Que tout ça n’a servi à rien. J’ai raconté cette agression au médecin généraliste, au psychiatre, à la gynécologue, à la police, à l’ORP, à la caisse de chômage, à mon employeur et à son assurance, à mon avocate, au procureur, au tribunal, au centre LAVI. Que de toutes ces prises de parole, de ces contrôles, il ne reste rien. C’est comme si cela n’avait pas existé. De mon parcours de victime, il ne reste plus rien.
Vous ne vous sentez pas reconnue?
C’est comme si la justice me disait que ma vie ou ma détresse n’avait aucune importance. Que le jugement de première instance n’a aucun poids, qu’il est balayé. Que de ne plus pouvoir sortir de chez moi, car je suis terrifiée, de ne plus voir mes potes, de perdre mon travail, ne plus pouvoir donner de concert, ça ne compte pour rien du tout. C’est une violence supplémentaire qu’on m’inflige.
Quel message cela envoie aux autres victimes de violences sexuelles?
J’ai juste envie de leur dire: «Ne portez pas plainte, vous allez mourir.» Malgré la douleur, je me disais qu’il fallait que j’aille au bout, que j’en parle, que je sois un exemple pour d’autres victimes. Mais tu as beau hurler, personne ne t’entend.
Vous leur conseillerez de ne plus porter plainte?
Dans un système comme ça, non. C’est dangereux, c’est maltraitant, c’est meurtrier. Je ne sais pas comment je suis encore vivante depuis le début et surtout depuis lundi soir. Heureusement que j’ai ma fille…
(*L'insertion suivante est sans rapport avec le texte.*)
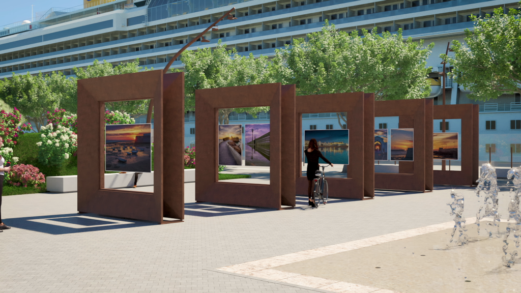 La Puerta del Mar, que se conserva como reseña histórica, se convertirá en el acceso principal a la actuación en el Muelle Ciudad. Frente a ella se dispone un espacio que, concebido como una prolongación de la Plaza de San Juan de Dios, estará presidido por dos fuentes transitables, existiendo la posibilidad de instalar junto a ellas exposiciones al aire libre sobre la historia del Puerto de Cádiz.

Vous envisagez d’aller jusqu’au Tribunal fédéral?
Je ne sais pas. Comment avoir de l’espoir avec un résultat pareil? J’ai l’impression d’avoir été pendue sur la place centrale de Fribourg.
Vous avez besoin de cette validation de la justice?
Je voulais qu’on donne un signal fort à mon agresseur, qu’il n’avait pas le droit de me faire du mal. Moi, je n’ai aucun droit, à part celui de rentrer chez moi avec ma parole mise en doute. Et l’idée que je méritais de me faire tabasser. Lui, peut continuer sa vie tranquillement.
Une gifle pour vous et pour toutes les victimes de violences sexuelles.
C’est clair. Celles qui hésitaient à porter plainte, elles vont se dire quoi? Qu’elles n’ont aucune chance.
Est-il encore important pour vous de témoigner dans les médias?
Oui, je le fais pour les autres. J’avais tellement envie de montrer qu’une procédure, c’était dur, mais que les choses pouvaient changer… Heureusement, depuis hier, j’ai reçu une centaine de messages, ça me donne un peu de force. Je fais partie aussi d’un groupe de parole pour victimes de violences sexuelles à Fribourg, «Amor Fati». On se soutient les unes les autres.
Vous avez envie de dire quoi à la justice fribourgeoise?
Qu’ils ne se rendent pas compte des dégâts psychologiques qu’ils infligent aux victimes. Déjà, après l’épreuve du premier procès, j’avais eu le sentiment d’être violée une deuxième fois. Eh bien là, j’ai été violée une troisième fois.
Comment voyez-vous la suite?
Je vais m’occuper de ma sœur, qui commence une chimiothérapie demain. C’est très triste, mais ça me donne une raison de vivre. Celle d’être là pour elle et de l’accompagner dans cette douleur.